● **TASK BRIEF**: Word for word and without images, transcribe all of the records.

● **RECORDS SUPPLIED**:
========================================

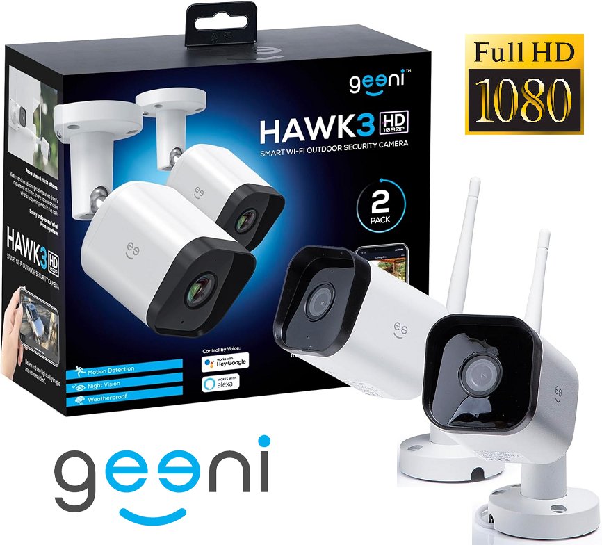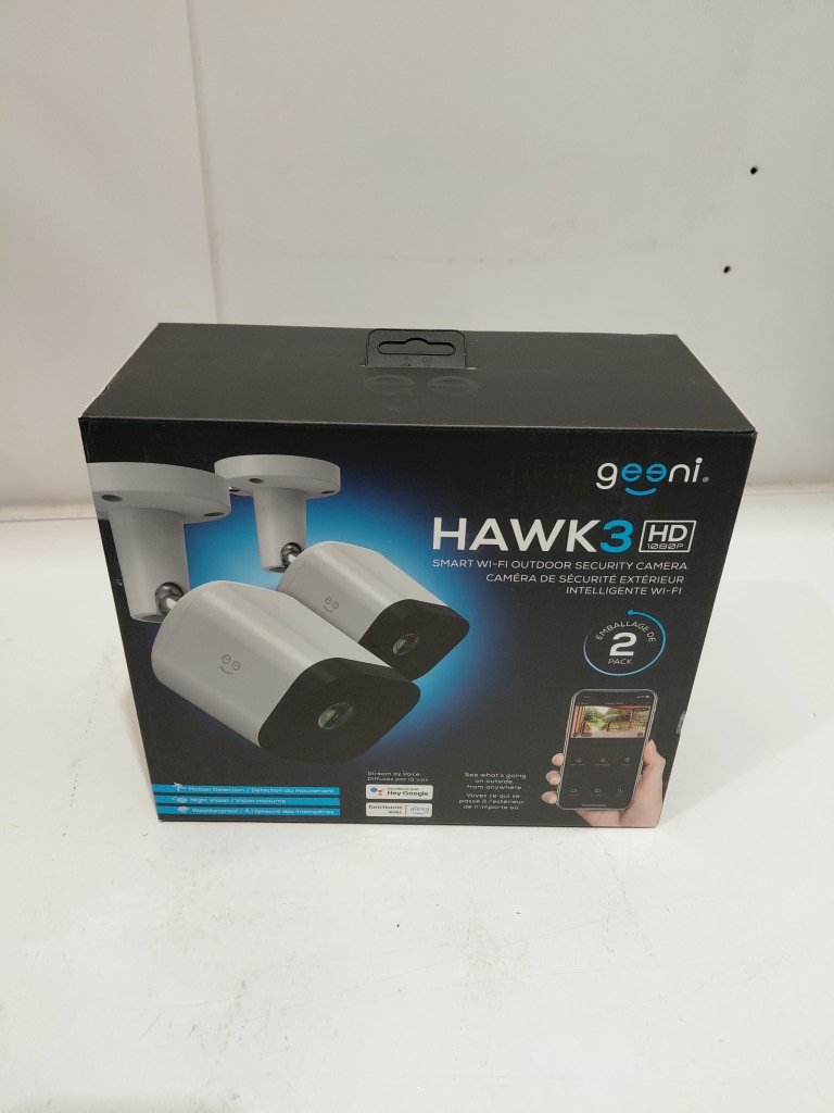 2PK GEENI HAWK 3 HD 1080P OUTDOOR SECURITY CAMERA WITH IP66 WATERPROOF RATING, MOTION DETECTION, NIGHT VISION, ALEXA/GOOGLE COMPATIBLE (MODEL: GN-CW033-199)
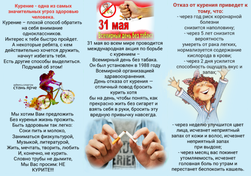 31 мая 2025 года отмечается Всемирный день без табака. Этот день направлен на повышение осведомлённости о вреде курения и продвижение здорового образа жизни. Тема Всемирного дня без табака 2025 года — «Разоблачим уловки манипуляторов!».
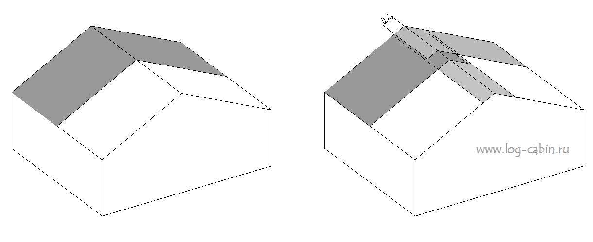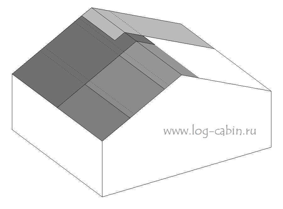 Если же длины одного листа покрыть сразу обе стороны крыши не хватает, то каждый скат крыши кроют отдельно, причем устраивают нахлест листа рубероида через конек, сантиметров на 20-30 в каждую сторону.
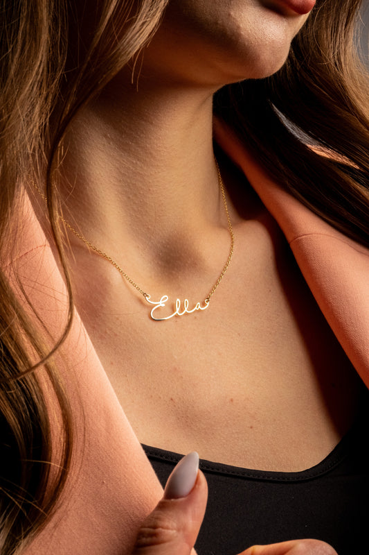 Actual Kids Drawing Necklace and Handwritten Gold Necklace
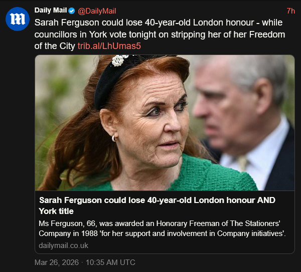 [019]Sarah Ferguson could lose 40-year-old London honour - while councillors in York vote tonight media link
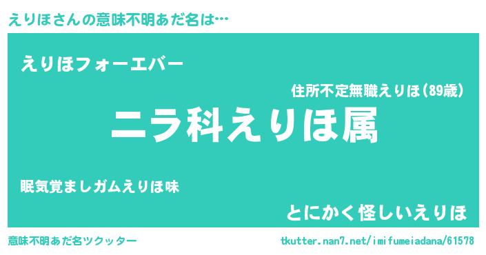 | 女子向けラノベタイトル風あだ名 | 『えりほの玉の輿計画!』 |

========================================

● **ANSWER TO THE EXERCISE**:
 2PK GEENI HAWK 3 HD 1080P OUTDOOR SECURITY CAMERA WITH IP66 WATERPROOF RATING, MOTION DETECTION, NIGHT VISION, ALEXA/GOOGLE COMPATIBLE (MODEL: GN-CW033-199)
 31 мая 2025 года отмечается Всемирный день без табака. Этот день направлен на повышение осведомлённости о вреде курения и продвижение здорового образа жизни. Тема Всемирного дня без табака 2025 года — «Разоблачим уловки манипуляторов!».
 Если же длины одного листа покрыть сразу обе стороны крыши не хватает, то каждый скат крыши кроют отдельно, причем устраивают нахлест листа рубероида через конек, сантиметров на 20-30 в каждую сторону.
 Actual Kids Drawing Necklace and Handwritten Gold Necklace
 [019]Sarah Ferguson could lose 40-year-old London honour - while councillors in York vote tonight media link
 | 女子向けラノベタイトル風あだ名 | 『えりほの玉の輿計画!』 |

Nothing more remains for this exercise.